Life on Earth can be traced back to a single ‘original’ species which originated 3.5 to 4 billion years ago in marine environments (Benton 2016).
4.1 to 3.1 billion years ago, archaea diverged from this common ancestor, with bacteria diverging between 3.2 and 2.5 billion years ago (UC Davis). It is estimated that eukarya split from archaea between 3,970 and 2,200 million years ago (Roger and Hug 2006).
The eukaryotic cell first arose with a prokaryotic cell’s loss of its protective cell wall, permitting the cell membrane to infold and in some regions enclose the cell’s DNA, thus forming the predecessor of a nucleus (Hillis et al 2019). With the development of a complex cytoskeleton, the evolution of lysomes, and finally – through endosymbiosis with proteobacteria and/or cyanobacteria – the cell mitochondria and/or chloroplasts, respectively, emerged (Hillis et al 2019).
It is possible that many species of unicellular eukaryotes diversified into multicellular organisms by associating with each other in colonies of vast numbers and presumably, at some point, integrating into multicellular organisms (Hillis et al 2019). This shift of the eukaryotes from single cells to multi-cells appears to have crystallized approximately 1.7 billion years ago (Cooper 2000).
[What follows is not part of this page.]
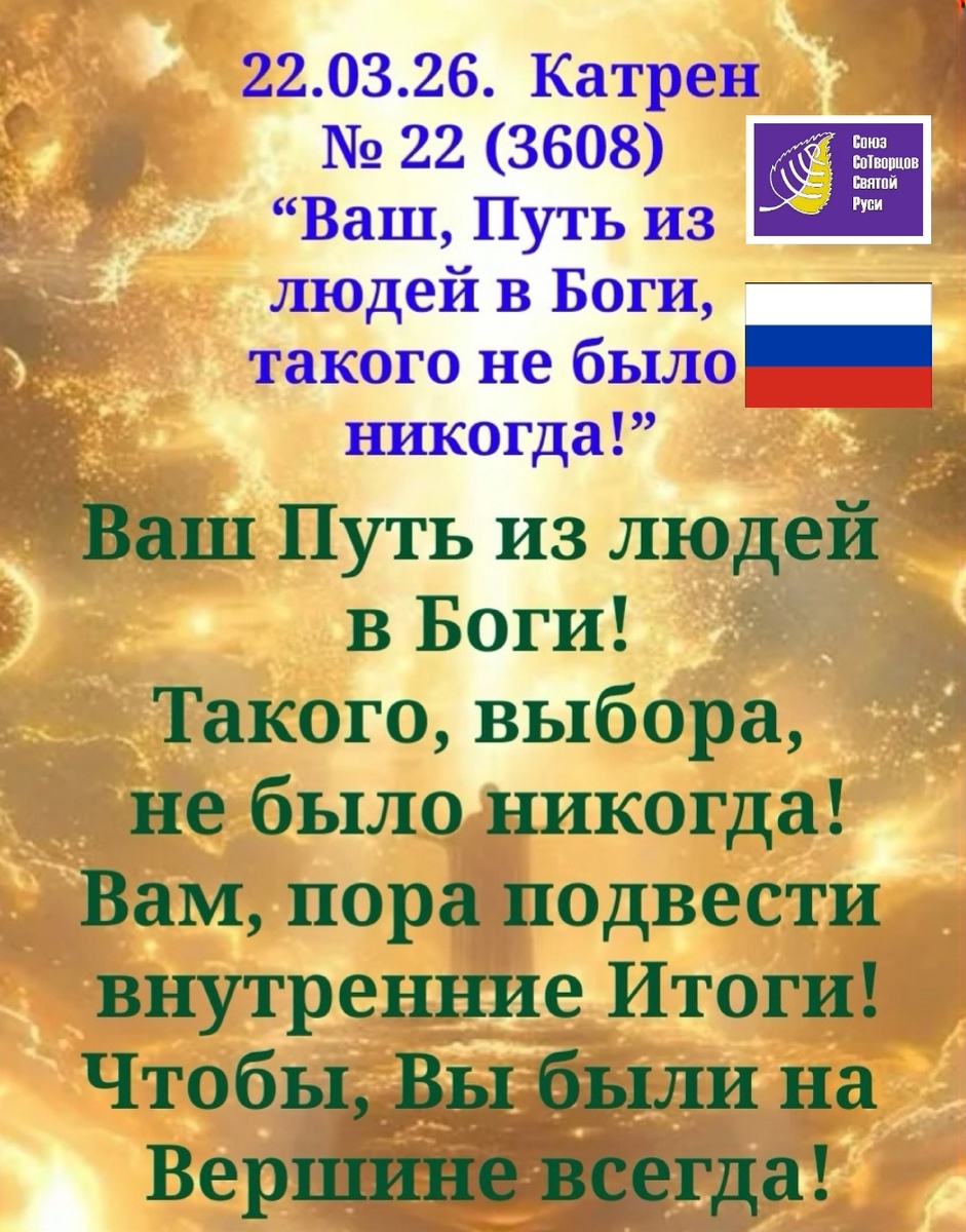 22.03.26. Катрен№ 22 (3608) “Ваш, Путь из людей в Боги, такого не было никогда!”

500 to 350 million years ago, algae, plants, and animals moved onto land (Benton 2016). Terrestrial lifeforms then experienced not only speciation from marine organisms, but also across geographic barriers on land. Additionally, even within the same geographic region, speciation occurred – and continues to take place – by reason of different modes of adaptation to one’s environment and/or dependence on different food sources.
Prokaryotes are considered to be hugely successful compared to eukaryotes. Purely in terms of number of species, there are an estimated billion or more documented prokaryotic species globally, compared to 10-50 million species of eukaryotes (Cohan and Koeppel 2008).
The vast majority of prokaryotes live in seawater and soil (Whitman et al 1998). Prokaryotes capable of photosynthesis generate much of the net primary production in marine ecosystems, while non-photosynthetic prokaryotes help to break down organic compounds and return them to the food chain (Quéméneur et al 2020). In the soil, prokaryotes facilitate the decomposition of plant and animal matter into organic substances and nutrients (Whitman et al 1998).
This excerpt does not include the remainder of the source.